India, with its diverse and rich social and cultural context, poses an interesting opportunity of community mental health. Social relationships are often the focal point in any individual’s life in India and to use such relationships in the betterment of individual’s mental health is something that can have remarkable effects on the community. This initiative has previously been taken by the government a few times, the Dava Duwa project being one of the successful initiatives. In this project, keeping community mental health at core, attempt was made to incorporate religious beliefs into mainstream psychiatric treatment.
Around 100kms from Ahmedabad lies the Dargah of Hazrat Saiyed Ali Mira Datar, well-known for treating the unexplained ailments related to the world of ghosts and djinns, especially mental and behavioral problems. The story of Hazrat Saiyed Ali Mira Datar is similar to that of Dmyphna in Geel, he became a Martyr at the age of 16 and became a Holy saint, and with his divine powers the patients who visit his Shrine are healed from their sufferings. People with mental and behavioral problems visiting here are treated by the religious faith healers known as ‘Mujavars’ with unknown traditional healing rituals since centuries. (the altruist)
The Department of Health and Family Welfare and the State Government of Gujarat, with collaboration from the state mental hospital, started this unique concept of incorporating religious beliefs with medical science, thus incorporating the community in beliefs rather than alienating the local population by disregarding their communal practices completely, something that further alienates the communities with medical practices.
With a country as diverse and populated as India, involving the local communities in prevention, treatment and maintenance of mental health is a sure way forward. So far, we have been taught mainstream westernized mental health interventions which many times, does not resonate with the local populations and depletes their trust in professionals. Having an inclusive and flexible approach in community mental health can help people in trusting the process.

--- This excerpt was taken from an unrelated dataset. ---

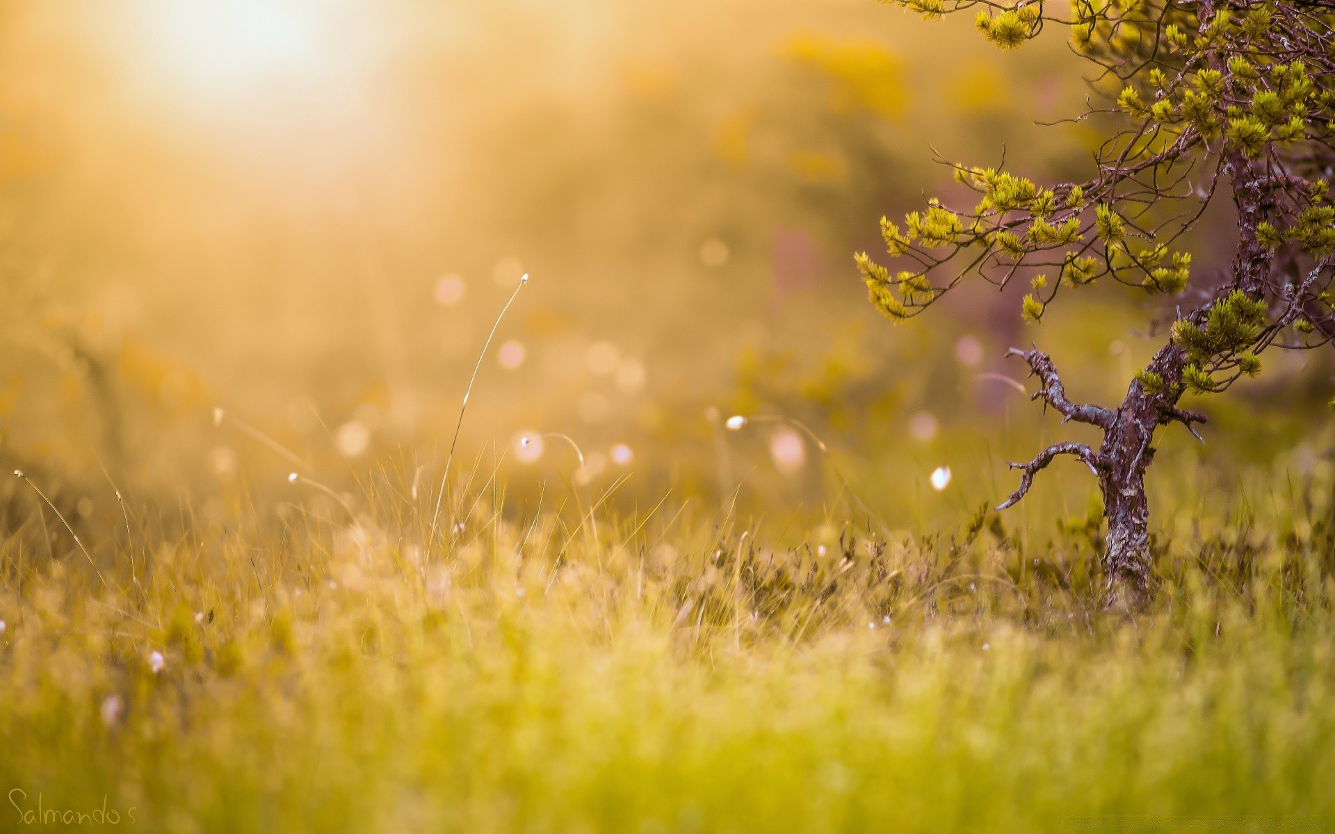 Campo nei raggi luminosi del sole nascente sul cielo nuvoloso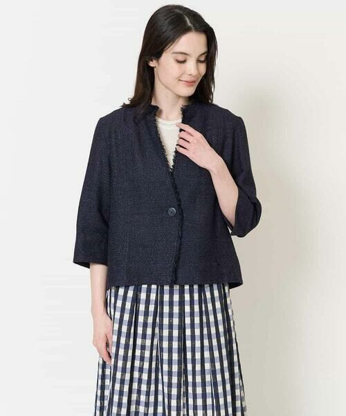 フリンジ使いが上品さを醸し出すボレロ風シルエットの一着。

Finally, the Geel community and it’s perspective on mental health gives an inner glimpse into the needs of the patients, how social integration, dignity and acceptance amongst the society are powerful healing tools for people who often are pressured to live separated lives from the society, as outcasts. It also presents a set of opportunities for mental health professionals to contextually adapt this inclusive model of care. Mental health in India still needs a lot of work and the treatment gap is often huge in smaller towns and villages (National Mental Health Survey, 2016) due to limited availability of trained professionals. In absence of trained professionals, training and utilizing the community in healing through targeted interventions can prove to be a beneficial step in ensuring quality mental health care facilities.
Ritika Dalal is a psychologist and is working on community mental health in Madhya Pradesh.